> _Given data_
————
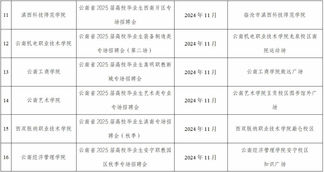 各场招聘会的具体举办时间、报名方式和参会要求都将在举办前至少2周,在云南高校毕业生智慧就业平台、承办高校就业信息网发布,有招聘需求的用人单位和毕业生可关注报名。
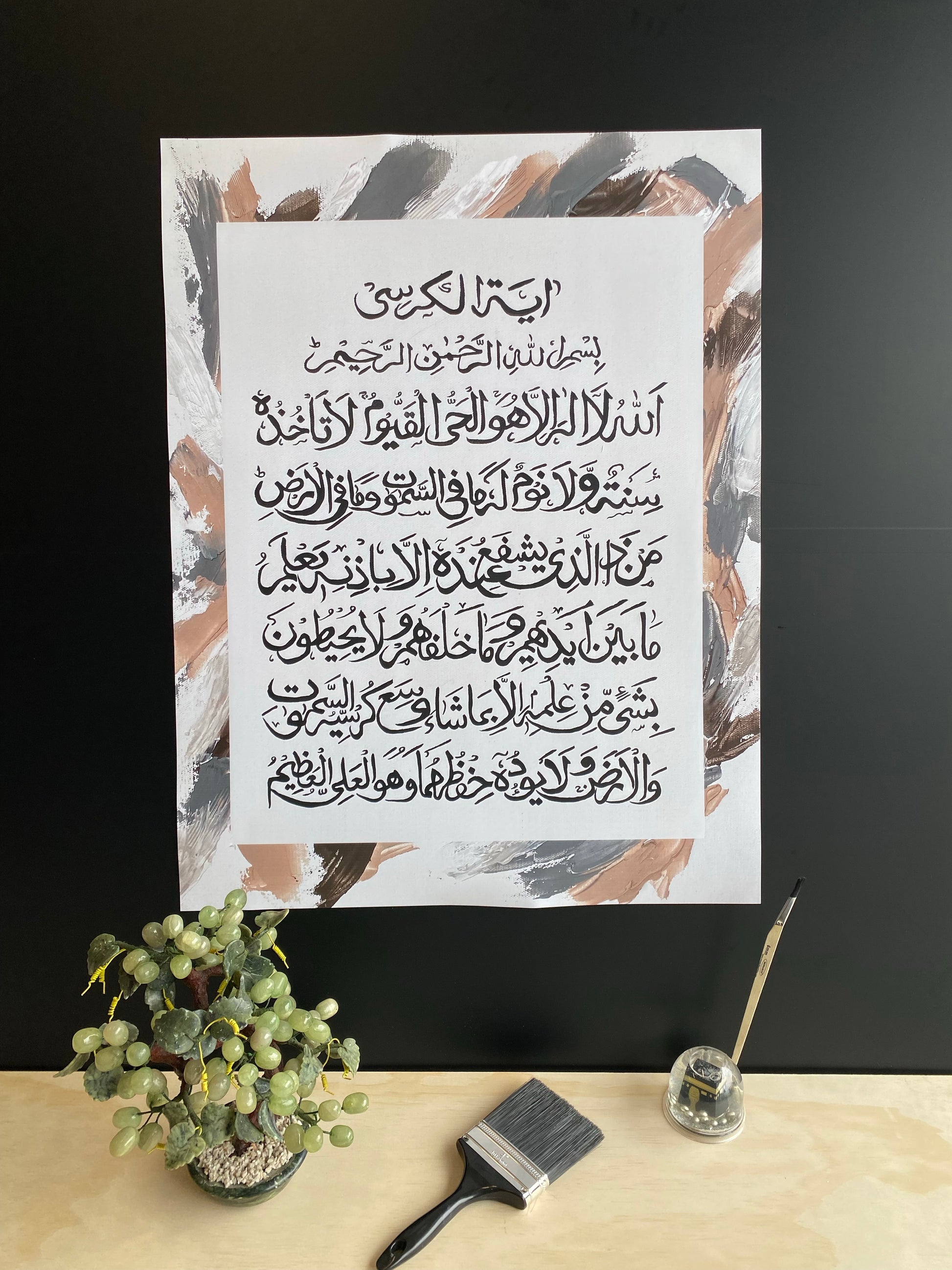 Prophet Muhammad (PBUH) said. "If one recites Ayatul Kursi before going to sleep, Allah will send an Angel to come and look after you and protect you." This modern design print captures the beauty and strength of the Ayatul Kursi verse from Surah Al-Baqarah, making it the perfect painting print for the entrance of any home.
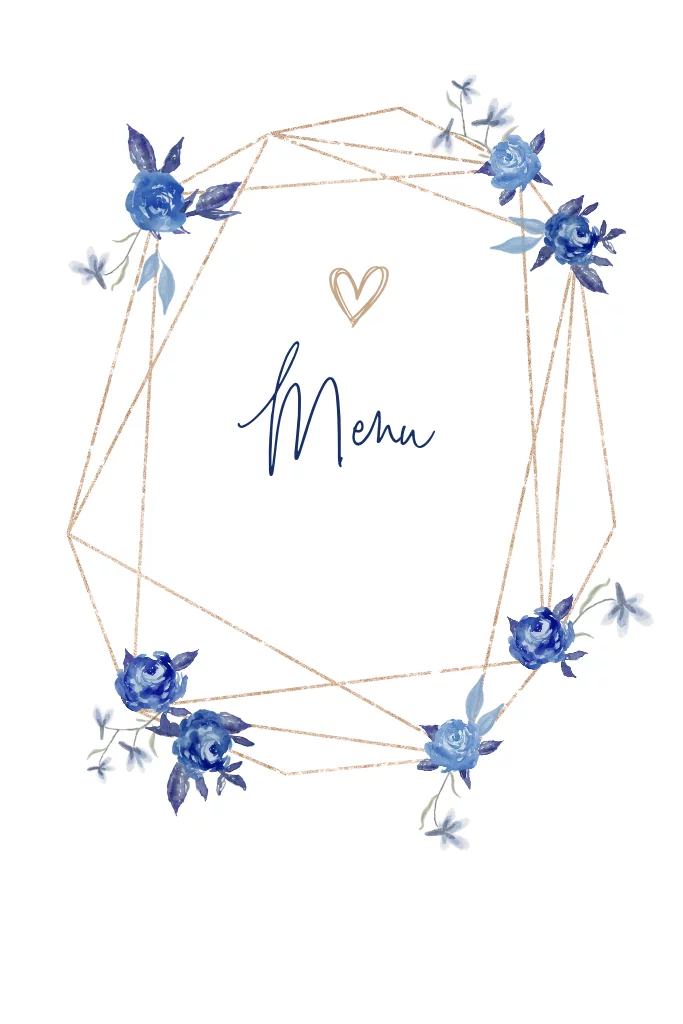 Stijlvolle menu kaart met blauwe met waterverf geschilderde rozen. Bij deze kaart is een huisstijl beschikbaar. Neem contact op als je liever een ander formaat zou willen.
————
> _Your objective_
Reproduce exactly, and only, the lines from the one with "Prophet Muhammad (PBUH)" to the final line of the listing above; the pictures are to be left out.

> _Task output_
 Prophet Muhammad (PBUH) said. "If one recites Ayatul Kursi before going to sleep, Allah will send an Angel to come and look after you and protect you." This modern design print captures the beauty and strength of the Ayatul Kursi verse from Surah Al-Baqarah, making it the perfect painting print for the entrance of any home.
 Stijlvolle menu kaart met blauwe met waterverf geschilderde rozen. Bij deze kaart is een huisstijl beschikbaar. Neem contact op als je liever een ander formaat zou willen.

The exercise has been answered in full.